Avoid judging parents. It is tempting to make snap judgments when parents behave in ways you consider inappropriate, especially toward their babies. But you don’t know their whole story, their background, or the hurdles they experience. For parents who live far from the hospital or who are without transportation, funds, babysitters for older children, strong social support, or emotional resources, spending a lot of time with their baby can be more than they can manage. Negotiating the maze of continued medical and developmental follow-up may be unduly burdensome. Their lives may be way more chaotic than you’ll ever know and having a sick baby might be just a drop in the bucket, rather than the center of their existence. Parents do the best they can, and while that may not seem adequate, it’s still their best. Judgment is a poison; empathy is a salve—for them as well as for you.
Give parents the benefit of the doubt. Recognize that even though many parents become overwhelmed at some point or may seem bumbling or incompetent, they do have a life outside the NICU where they likely function very well. Try to see them as competent people who need time to find emotional equilibrium and learn the ropes in this unfamiliar, often scary situation.
Deal with difficult parents. Every parent comes to the unit with a unique personal history and a skill set for coping with adversity and stress. First assume that any distress or deficiency you’re observing is a result of the trauma of having a sick infant. If your efforts to support a parent seem ineffective, call for a psychiatric consultation and collaborate with your affiliated mental health care providers who are knowledgeable about both perinatal stress and psychological dynamics. When a parent needs support above and beyond what your best efforts can supply, recognize the limitations, don’t take criticisms to heart, and rely on the staff who can work best with these folks.

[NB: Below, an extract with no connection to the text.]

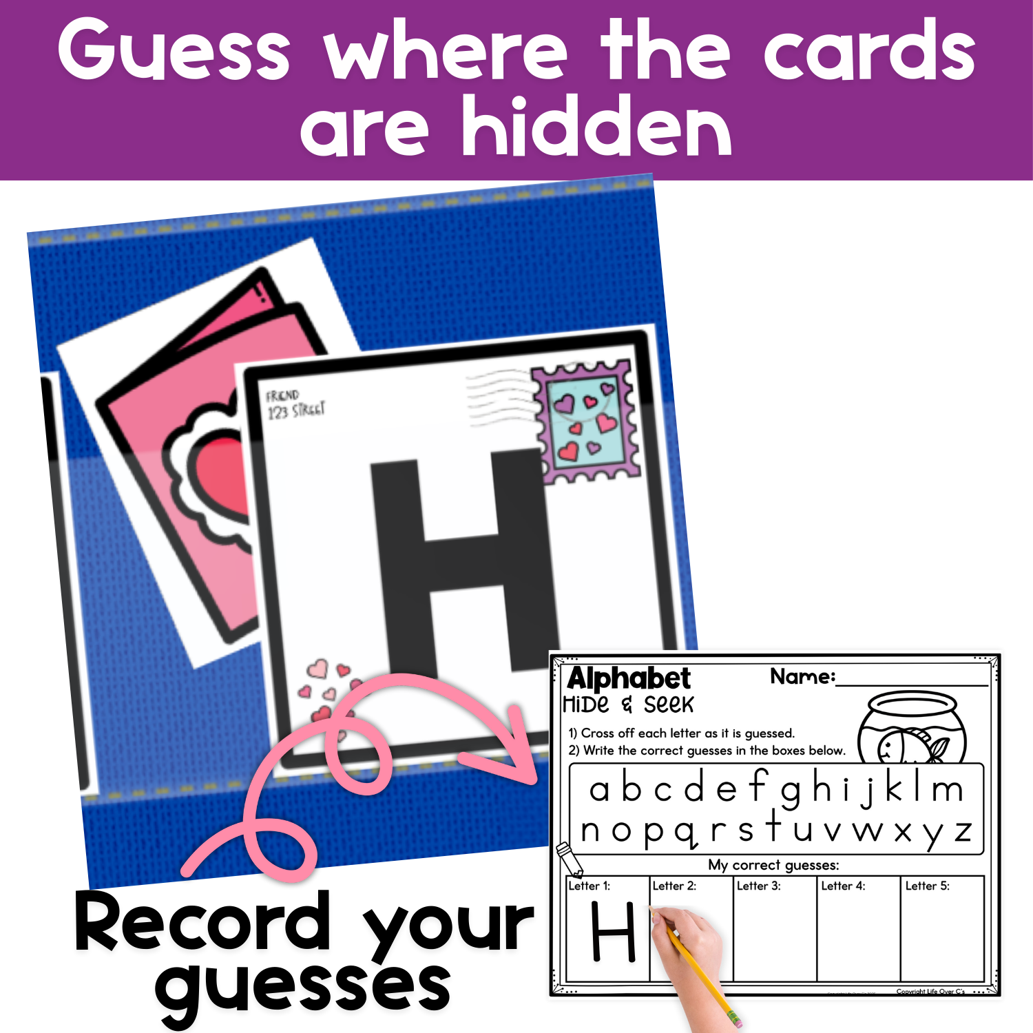 This Valentine-themed alphabet recognition literacy game turns uppercase and lowercase letter practice into an interactive guessing game.

Make referrals. Most parents can benefit from support or assistance beyond what you offer, so refer them to resources and get other agencies involved. Most parents would benefit from a support group or psychological counseling. Getting additional assistance outside the NICU will help them get back on their feet, as well as give you peace of mind and the ability to let go, especially with particularly needy parents. If services are lacking in your area, church groups, online groups, and national organizations can be important resources. Let parents know that there is a network of parents with babies like theirs. They deserve the benefits to be gained by plugging into it.
Show cultural sensitivity. Nowadays, diversity is the norm. Whether you work in a large metropolitan area or a small village, remain open-minded and become culturally aware.
Honor the journey that parents are on. Instead of trying to get parents to make the “right” decisions or helping them cope “the right way,” remember that your job is to walk with them on their journey. Recognize that while you have much to teach parents, they have much to teach you as well. And how well you listen is more important than what you say. You can shine a light on the options and be a sounding board, but ultimately, you must let them go down the path they feel drawn to.